* _Given data_:
--- START ---
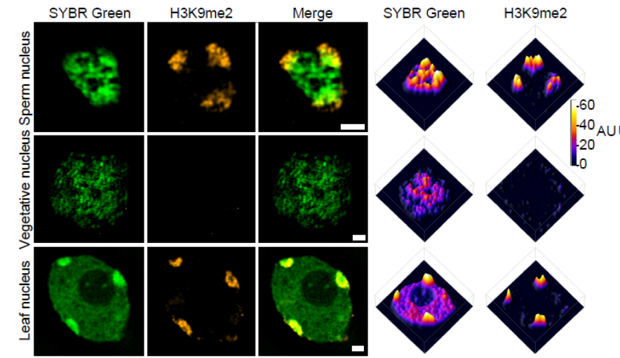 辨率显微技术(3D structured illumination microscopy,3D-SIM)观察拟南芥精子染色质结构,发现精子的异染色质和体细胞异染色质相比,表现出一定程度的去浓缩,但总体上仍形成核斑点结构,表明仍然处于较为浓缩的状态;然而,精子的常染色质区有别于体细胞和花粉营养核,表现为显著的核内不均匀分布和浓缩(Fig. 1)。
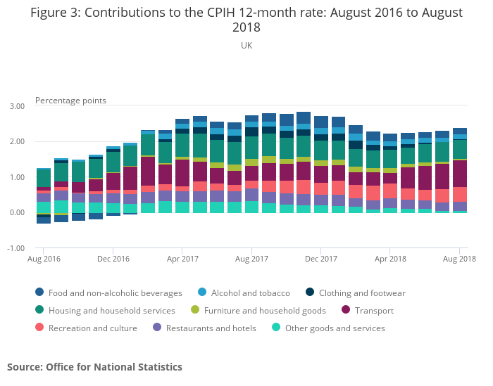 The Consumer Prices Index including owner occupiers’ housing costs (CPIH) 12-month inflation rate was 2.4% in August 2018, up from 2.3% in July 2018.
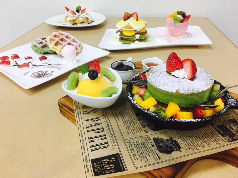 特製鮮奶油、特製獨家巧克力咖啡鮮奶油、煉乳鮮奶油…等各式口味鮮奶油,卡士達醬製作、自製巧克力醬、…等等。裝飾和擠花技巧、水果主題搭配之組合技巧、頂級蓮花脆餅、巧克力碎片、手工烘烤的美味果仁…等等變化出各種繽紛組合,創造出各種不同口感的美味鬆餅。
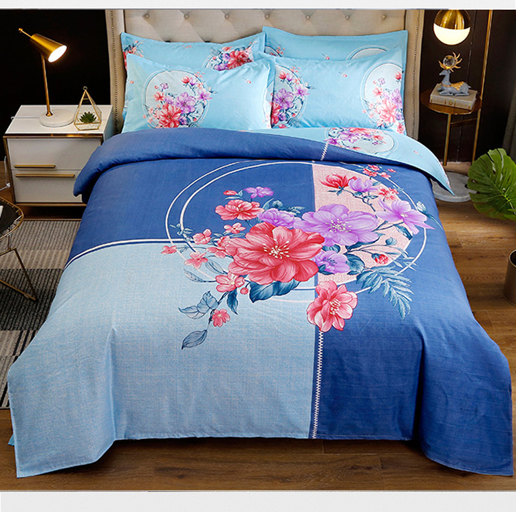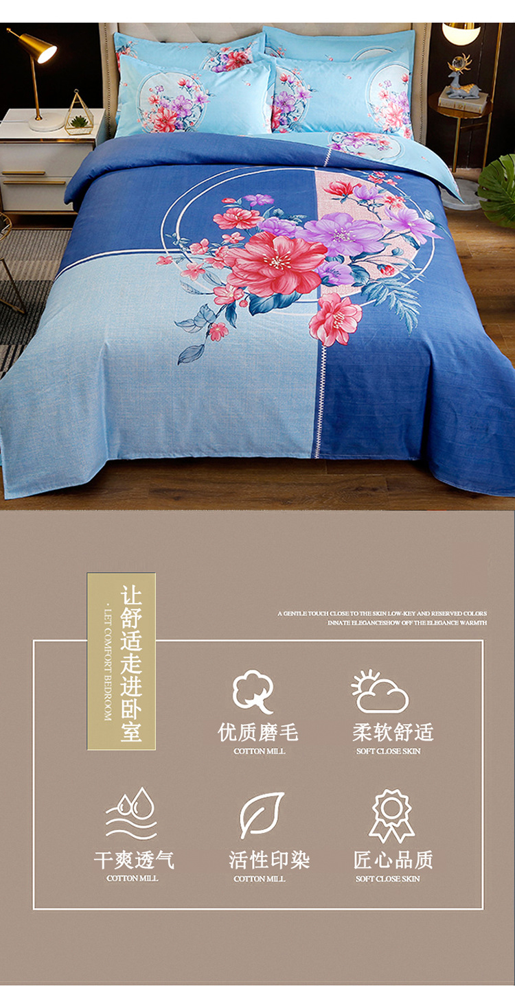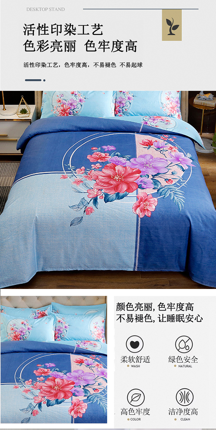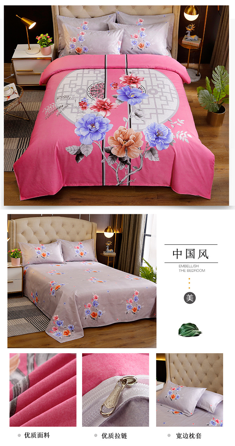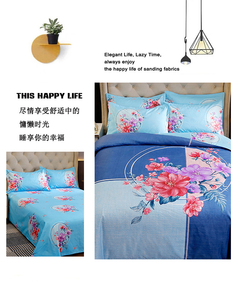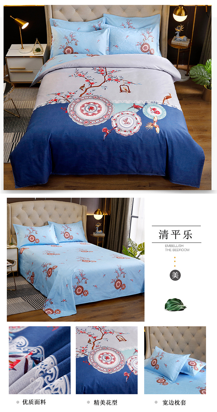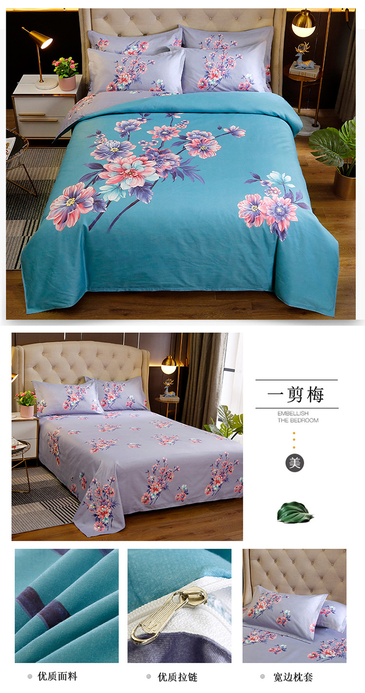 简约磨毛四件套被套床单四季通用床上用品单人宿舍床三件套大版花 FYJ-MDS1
--- END ---
* _Task instructions_:
Copy the data word for word. Pictures do not go in the copy.

* _Result of the task_:
 辨率显微技术(3D structured illumination microscopy,3D-SIM)观察拟南芥精子染色质结构,发现精子的异染色质和体细胞异染色质相比,表现出一定程度的去浓缩,但总体上仍形成核斑点结构,表明仍然处于较为浓缩的状态;然而,精子的常染色质区有别于体细胞和花粉营养核,表现为显著的核内不均匀分布和浓缩(Fig. 1)。
 The Consumer Prices Index including owner occupiers’ housing costs (CPIH) 12-month inflation rate was 2.4% in August 2018, up from 2.3% in July 2018.
 特製鮮奶油、特製獨家巧克力咖啡鮮奶油、煉乳鮮奶油…等各式口味鮮奶油,卡士達醬製作、自製巧克力醬、…等等。裝飾和擠花技巧、水果主題搭配之組合技巧、頂級蓮花脆餅、巧克力碎片、手工烘烤的美味果仁…等等變化出各種繽紛組合,創造出各種不同口感的美味鬆餅。
 简约磨毛四件套被套床单四季通用床上用品单人宿舍床三件套大版花 FYJ-MDS1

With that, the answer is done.